36 Cancri

Observation data Epoch J2000.0 Equinox ICRS
- Constellation: Cancer
- Right ascension: 08^{h} 37^{m} 05.76881^{s}
- Declination: +09° 39′ 20.0865″
- Apparent magnitude (V): 5.92

Characteristics
- Evolutionary stage: main sequence
- Spectral type: A3 V
- B−V color index: 0.083±0.003

Astrometry
- Radial velocity (R_{v}): +16.4±2.5 km/s
- Proper motion (μ): RA: −28.271 mas/yr Dec.: −4.237 mas/yr
- Parallax (π): 6.5093±0.0735 mas
- Distance: 501 ± 6 ly (154 ± 2 pc)
- Absolute magnitude (M_{V}): 0.05

Details
- Mass: 2.66±0.05 M_{☉}
- Radius: 2.0 R_{☉}
- Luminosity: 93.1+13.2 −11.6 L_{☉}
- Temperature: 8472+98 −97 K
- Rotational velocity (v sin i): 44 km/s
- Other designations: c Cnc, 36 Cnc, BD+10°1837, FK5 2675, HD 73143, HIP 42265, HR 3406, SAO 116953

Database references
- SIMBAD: data

= 36 Cancri =

Star in the constellation Cancer

36 Cancri is a star located in the southern part of the zodiac constellation Cancer, approximately 501 light years away from the Sun. It is also known by its Bayer designation c Cancri and its Flamsteed designation 36 Cancri. This star is visible to the naked eye as a faint, white-hued object with an apparent visual magnitude of 5.92. It is moving away from Earth with a heliocentric radial velocity of +16 km/s.

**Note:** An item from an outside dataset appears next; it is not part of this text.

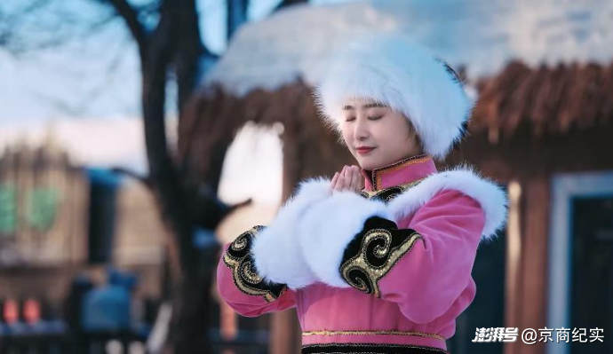 婚礼当天,晨曦微露,接亲队伍乘红色爬犁踏雪而行,岸边芦苇摇曳象征赫哲人坚韧精神。送亲队伍成双而行寓意好事成双,归途不走回头路寄托幸福绵长期许。拜祖先、拜灶王爷恪守古法;木杜丽父亲主厨的全鱼宴鲜香四溢,承载赫哲族饮食文化。

This is an ordinary A-type main-sequence star with a stellar classification of A3 V, which indicates it is generating energy through hydrogen fusion at its core. It has a projected rotational velocity of 44 km/s, with 2.66 times the mass of the Sun and double the Sun's radius. The star is radiating 93 times the Sun's luminosity from its photosphere at an effective temperature of 8,472 K.